> [Data extract]
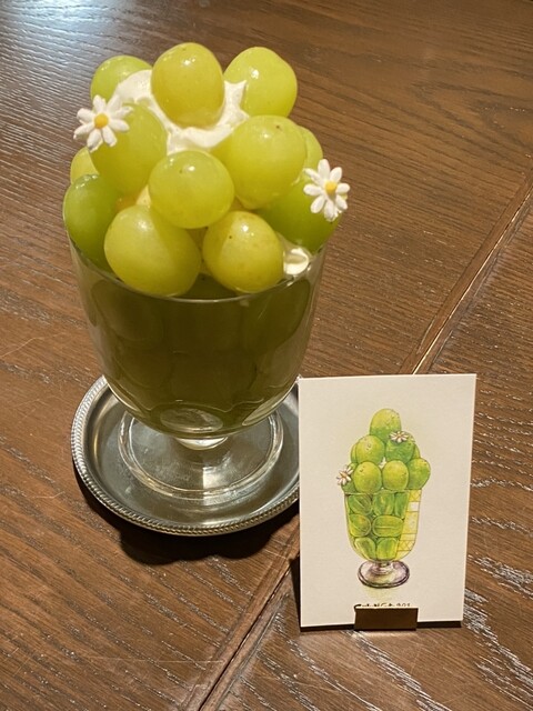 国産シャインマスカットが山のように盛り付けられた秋の看板メニュー「ますかっとやま」。その美しさと贅沢な味わいは、忘れられない思い出になるはずです。
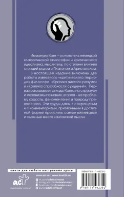 Иммануил Кант - основатель немецкой классической философии и критического идеализма, мыслитель, по степени влияния стоящий рядом с Платоном и Аристотелем. В настоящее издание включены две работы известного "критического периода" философа: "Критика чистого разума" и "Критика способности суждения". Первая раскрывает взгляды Канта на структуру и механизмы познания, вторая - на проблему красоты, феномен гения и природу прекрасного. Эти труды даны в сокращении и с комментариями, призванными в доступной форме прояснить самые витиеватые и сложные места кантовской мысли.Труды одного из самых популярных философов не только прошлых столетий, но и современности! -
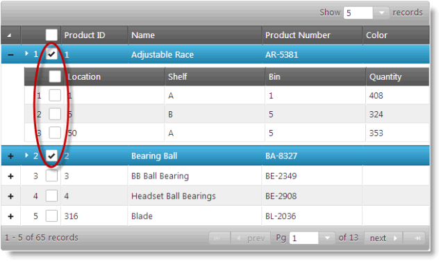The picture below shows a hierarchical grid with row selectors checkboxes enabled. The red ellipse emphasis the checkboxes on the first two master rows.
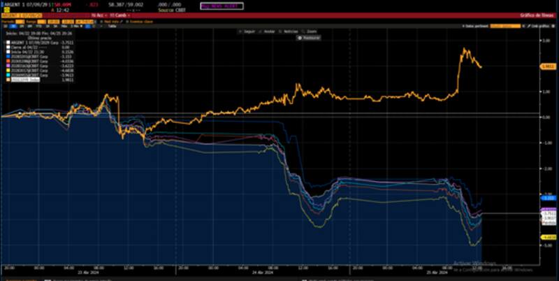 Los bonos a 2029 y 2030 bajan 3,8% y 3% respectivamente.
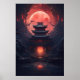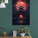 Poster Ponte Yin e Yang e Templo em Cyberpunk Neon

> [What is required]
Write out each line exactly, from the one containing "Иммануил Кант - основатель" through the end of the entries, and skip the pictures.

> [Response]
 Иммануил Кант - основатель немецкой классической философии и критического идеализма, мыслитель, по степени влияния стоящий рядом с Платоном и Аристотелем. В настоящее издание включены две работы известного "критического периода" философа: "Критика чистого разума" и "Критика способности суждения". Первая раскрывает взгляды Канта на структуру и механизмы познания, вторая - на проблему красоты, феномен гения и природу прекрасного. Эти труды даны в сокращении и с комментариями, призванными в доступной форме прояснить самые витиеватые и сложные места кантовской мысли.Труды одного из самых популярных философов не только прошлых столетий, но и современности! -
The picture below shows a hierarchical grid with row selectors checkboxes enabled. The red ellipse emphasis the checkboxes on the first two master rows.
 Los bonos a 2029 y 2030 bajan 3,8% y 3% respectivamente.
 Poster Ponte Yin e Yang e Templo em Cyberpunk Neon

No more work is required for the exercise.